Was it always meant to be the last track? It’s a perfect ending to your album.

There was no where else to put it but on the end of the record. I’m always the last-song-on-the-record girl. When I buy a record, I always like the last song the best; that’s usually the most emotional song there. It’s hard to put a song like this – with an ending like this – in the middle of the record, and have the listener re-group before listening to the next track. You can’t place it anywhere else.

There is a palpable sadness to all of the songs on this album. Is that just something that unstoppably comes out of you when you sit down to write?

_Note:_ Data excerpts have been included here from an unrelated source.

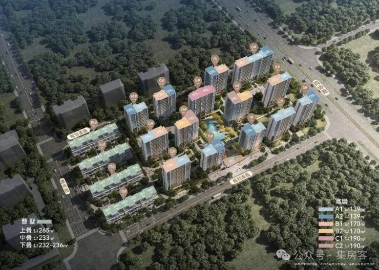 The floor area of the high-rise building is about 139-190 square meters, and the floor area of the stacked villa is about 230-263 square meters
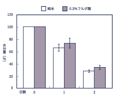 フルボ酸を添加した系では水分の減少を抑制し、フムスエキスに含まれるフルボ酸には保湿性のあることが確認されました。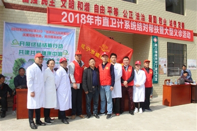 3月23日,市直卫计系统在崇阳县路口镇厢所村举办 “2018年市直卫计系统大型义诊及结对帮扶”活动,市直卫生系统党员干部职工以医疗工作者近200人参 加了此次结对帮扶活动,为村民送医送药,送去扶贫款。市结核病防治院为该村民送去了5000元药品和 20000元扶贫款。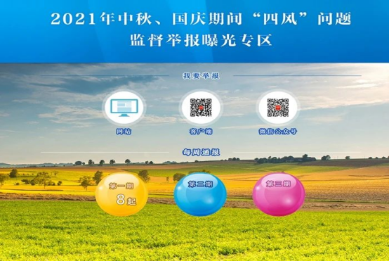 為鍥而不舍落實中央八項規(guī)定及其實施細則精神,中央紀委國家監(jiān)委網(wǎng)站推出“中秋、國慶期間‘四風’問題監(jiān)督舉報曝光專區(qū)”,暢通監(jiān)督渠道,加大典型案例通報曝光力度,增強警示震懾和教育引導作用。專區(qū)開設“我要舉報”窗口,鏈接中央紀委國家監(jiān)委統(tǒng)一舉報平臺,歡迎網(wǎng)友通過網(wǎng)站、手機客戶端和微信公眾號對節(jié)日期間違規(guī)吃喝送禮等問題進行舉報。專區(qū)“每周通報”欄目將從9月22日起,分3次集中對各地查處的“四風”典型問題點名道姓通報曝光,以風清氣正的節(jié)日氛圍助力構建清正廉潔的政治生態(tài)。

If I had to describe to you the way my writing is, and my job and my career, my kids – [I’d say that] I’m really a very happy person. I’m an optimistic person. I’m a positive person and I’ve been really lucky, overwhelmingly lucky and blessed in so many ways. I’m always drawn to everyday people and everyday life. I know a lot of people – some of my dearest friends – have really hard lives in one way or another. So, everybody has these stories in their life. In “You Get a Love Song,” [to paraphrase the song]: you’re probably not gonna write a book about yourself, you’re probably not gonna make a movie. These things that you go through, we all sort of endure, but they lead us to something else. I love that part of a song. I love songs that touch on just regular people that go through regular things. We might not talk about it much, but they’re really hard and that can be rewarding and get you to somewhere else, where you didn’t even expect to get to. I’m drawn to that stuff. Most of the songs on the record are kind of examples of that. They start out with something that might have happened personally with me, but then that storyteller kicks in: you exaggerate it a bit or you make it a little bit harder than it is [in order] to get your point across. I love music like that, like Bruce Springsteen – the way he can draw out of you, the way my husband probably feels putting in a day’s work, working everyday and driving a utility truck. I just love that stuff. We’re all sort of buried down. We do what we do everyday to get through our lives; then we hear something that brings it out of us. I’m just really drawn to that.

I’ve read about people who have lost a parent early in life – Rosie O’Donnell has talked a lot about it. Madonna has talked about losing her mother at such a young age. Does the sadness I hear in some of your songs have anything to do with losing your mom when you were just seven years old? Do you tap into that emotion to get to that place in your music?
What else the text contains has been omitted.